There are few symbols - save Old Glory and maybe a slice of apple pie - more symbolic of mainstream American culture than McDonald's sweeping yellow arches.



There are few symbols - save Old Glory and maybe a slice of apple pie - more symbolic of mainstream American culture than McDonald's sweeping yellow arches.

While there is nothing wrong with McDonald's per se - we enjoy a basket of fries and Big Mac as much as the next person, maybe more - there is a big problem with America's dietary relationship with McDonald's and the rest of the fast food industry that McDonald's has rightly or wrongly come to represent. That relationship is more like dealer and junkie than that of restaurant and customer, something that Super Size Me director Morgan Spurlock noted a few years back when he reported that McDonald's refers to its frequent customers, as "heavy users." It's a relationship that McDonald's courts with its aggressive marketing toward children (McDonald's distributes more toys than the nation's biggest toy retailers in any given year) and its oversized portions.

The other piece of the equation is convenience. McDonald's was founded on a principal of getting its food to customers as quickly and efficiently as possible. Part of that system is the now ubiquitous drive-through lane. Like other McDonald's innovations such as frozen, pre-cut fries that eliminated the need for prep cooking, the drive-through lane helped revolutionize how Americans get their breakfast, lunch and dinner. Now McDonald's is looking to further revolutionize the All American Meal right here in Bend by debuting its latest innovation: the two-lane drive through, which would obviously cut down on wait times while theoretically allowing twice as many customers to wolf down their Double Quarter Pounders without taking a hand off the steering wheel or their butt off the car seat.

There is just one hang-up: McDonalds needs to "supersize" its drive-up menu board to fit in all of its oversized meals in two drive-through lanes - something that the Bend sign code won't allow under the current regulations, which were adopted years ago to reduce visual clutter in commercial areas by setting some reasonable restrictions on total sign size. In this case, McDonald's is restricted to a maximum of one 40-square-foot menu board, or two 20-square-foot menu boards. Not surprisingly, that's not enough real estate for McDonald's, which would like to upsize its menu board to 45 square feet and remove the restriction limiting to it to one sign. McDonald's is also requesting that it be allowed to add a 15-square-foot pre-menu board in the drive-through lane, presumably to help those folks who insist on pondering over a menu that they've seen a hundred times while others idle behind them hungrily.

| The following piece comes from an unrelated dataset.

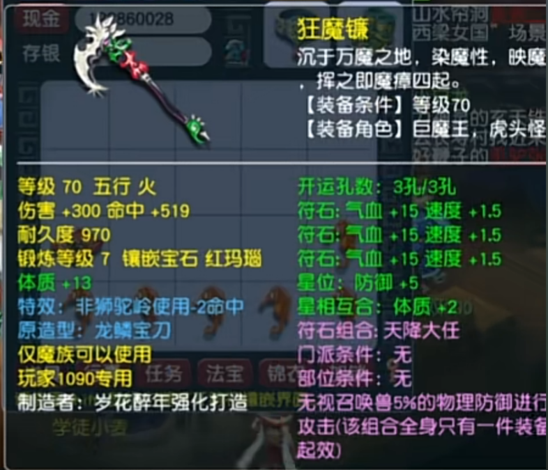 70级的高伤武器,伤害+300,命中+3344,体质+13,切造型切的非专用武器!满伤害也是齐天大圣首屈一指的武器了!
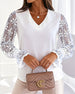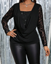 SPECIFIKATIONER Topptyp: Toppar Stil: Chic Material: Bomullsblandningar,Spets Tillfälle: Dagligen,Fest Urringning: Draperad Krage Mönstertyp: Enfärgade Typ av ärm: Vanlig ärm Ärmlängd: Långärmad Passform typ: Vanlig Säsong: Höst,Vinter Detaljer: Lappverk Paketet innehåller: 1 x Topp STORLEKSTABELL(cm) Storlek Byst Längd S 97 65 M 101 66....

It all sounds like good business for McDonalds. And if America were one large feedlot and you and I the cattle, that's a great system for calorie delivery. However, it's not the best set-up for a nation struggling with an obesity epidemic that is strongly linked to out fast food addiction. And being fat has a cost for our country and our communities. Obesity is the number one cause of diabetes, a disease that will affect roughly one in three children born today, cutting 20 or more years off their lives. Those of us who manage to avoid developing diabetes will also pay a price. We'll help pick up the tab for their medical costs in the form of higher premiums on our insurance.

As a community that prides itself on its overall healthy lifestyle as well as its beautiful surroundings, Bend is under no obligation to change its sign codes at McDonald's whim. To the contrary, this a chance for Bend's elected leaders to tell America's largest fast food purveyor that this is one order that we don't want to super size - now or ever.

In order to help our elected officials digest the concept, we're giving the entire double drive-through idea and its oversize menu boards the Boot.